Changing variable x to x1; y to y1 names allows dag to succeed.

@pipeline(name="binary-classification", experiment="kale-tutorial")
def ml_pipeline(rs=42, iters=100):
    x, y = load(rs)
    x1, x_test, y1, y_test = split(x, y)
    train(x1, x_test, y1, iters)

Is this the expected behavior in the SDK? Perhaps the example needs to be updated on the documentation?

tc360950 commented 2 years ago

This is caused by the way pipeline steps are added to DAG in pyprocessor.py:

def _link_step(self, step: Step):
        ins_left = set(step.ins.copy())
        for anc_step in reversed(list(self.pipeline.steps)):
            if ins_left.intersection(set(anc_step.outs)):
                self.pipeline.add_dependency(anc_step, step)

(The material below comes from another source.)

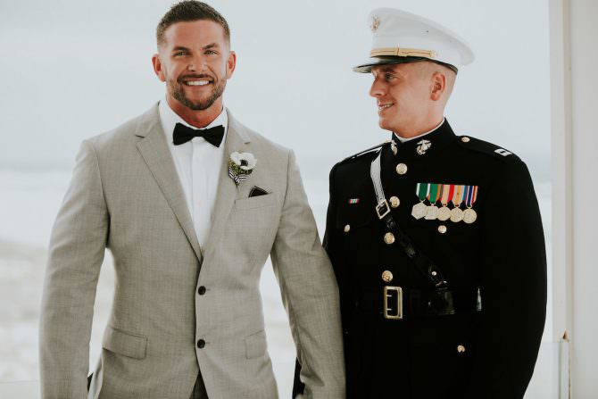 On a beach in Pensacola, Florida, waves crashed along the shore behind Adams and Greg as they said “I do” surrounded by their friends and family. These dapper gents were all smiles from when they started getting ready before the ceremony to when they took their celebratory spin on the dance floor, and the joy permeating through So Life Studios’ photographs is contagious!

When _link_step is called on a given step it already has been placed in the DAG but with no edges. So when anc_step becomes equal to step it is linked to itself because: ins_left.intersection(set(anc_step.outs)) is true.

I believe at a bare minimum Runtime exception should be raised in PythonProcessor._register_step_handler if outputs and inputs of a step have non-empty intersection.

I can try to add modification which would allow such situation to occur.

wemoveon2 commented 2 years ago

I'm experiencing the first issue as well, did you manage to resolve it?